Transit in Seattle walks this thin line.
While many transit stops avoid using benches so that people experiencing homelessness don’t sleep on them, the light rail ultimately provides a safe space. With our without paying fare, people who are unsheltered can stay warm and dry, riding the light rail or bus for hours.
But in some instances, people in a mental health crisis are causing disturbances at downtown stations, or bus drivers have to confront people who are using drugs aboard. Ultimately, it led Sound Transit and King County Metro to seek support from the county’s Behavioral Health and Recovery Division.
In Washington, D.C., Amtrak had set up a program at its Union Station location, sending social workers to help with outreach and de-escalation for people who are undergoing a substance use or mental health crisis.
Sound Transit copied that model in December and contracted four peer workers who formerly experienced homelessness to start a pilot program. The team goes out five days a week from 6 a.m. to 10 p.m., focusing on Seattle’s downtown transit tunnels, connecting people to food and water, clothes, hygiene kits and harm reduction supplies like clean needles and testing supplies.
Paris Stewart, a peer outreach worker with the new team, recalled recently giving snacks and water to a couple on a bus who told him they were trying to “sleep their hunger pains away.”
On a typical day at work, he’s walking, backpack in hand, looking for the signs that someone could benefit from resources, whether they’re in a sleeping bag inside Westlake or lingering outside the Pioneer Square station.
Staff do not keep files on people or traditional caseloads but do communicate internally about certain clients whom they see often. As Robert Ewanio, a King County employee and mental health professional overseeing the program, puts it, “Success is making those connections and seeing individuals and preventing the escalation from happening.”
The funding will likely take the pilot program through the rest of the year and a similar program has started with King County Metro at the Aurora Village and Burien transit centers.
When asked if it’s the role of Sound Transit to provide people in need with these services, Brad Blackburn, the deputy director of public safety at the agency, replied, “It’s the role of everybody.”

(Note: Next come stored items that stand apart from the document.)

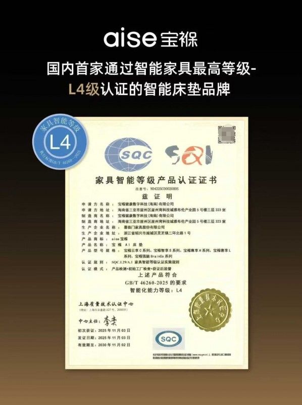 喜临门旗下aise宝褓,拿下首个L4级智能床垫品牌认证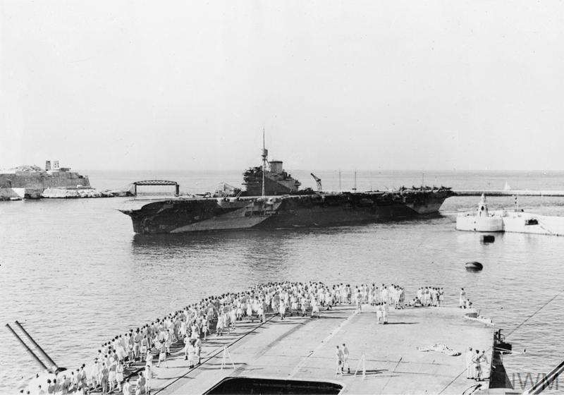 BIG SHIPS AT MALTA. OCTOBER 1943, ON BOARD HMS FORMIDABLE AT GRAND HARBOUR, VALLETTA, MALTA. (A 19815) The aircraft carrier HMS ILLUSTRIOUS steams into Grand Harbour, as men line the flight deck of HMS FORMIDABLE to watch her progress. Copyright: © IWM. Original Source: http://www.iwm.org.uk/collections/item/object/205152374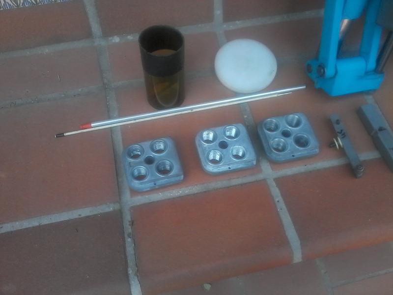 4 platos soporta casquillos del 32 , 38, 9 pb, y 45 ACP ( el del 38 un poco tocado)y sus sistemas de empujar para polvora que es a la vez para abrir el casquillo.

Ewanio, likewise shared that the program is “something that probably should have been done a long time ago.”
Still, it’s not enough. Kirk Rodriguez, one of the peer workers who was formerly homeless himself, points to the reality: More treatment services and housing is necessary.
“We can have a response team all day, every day,” he said. “But if we’re all just handing out snacks, and don’t necessarily have the other resources or referrals … if that doesn’t exist, then people who need it just stay on the street.”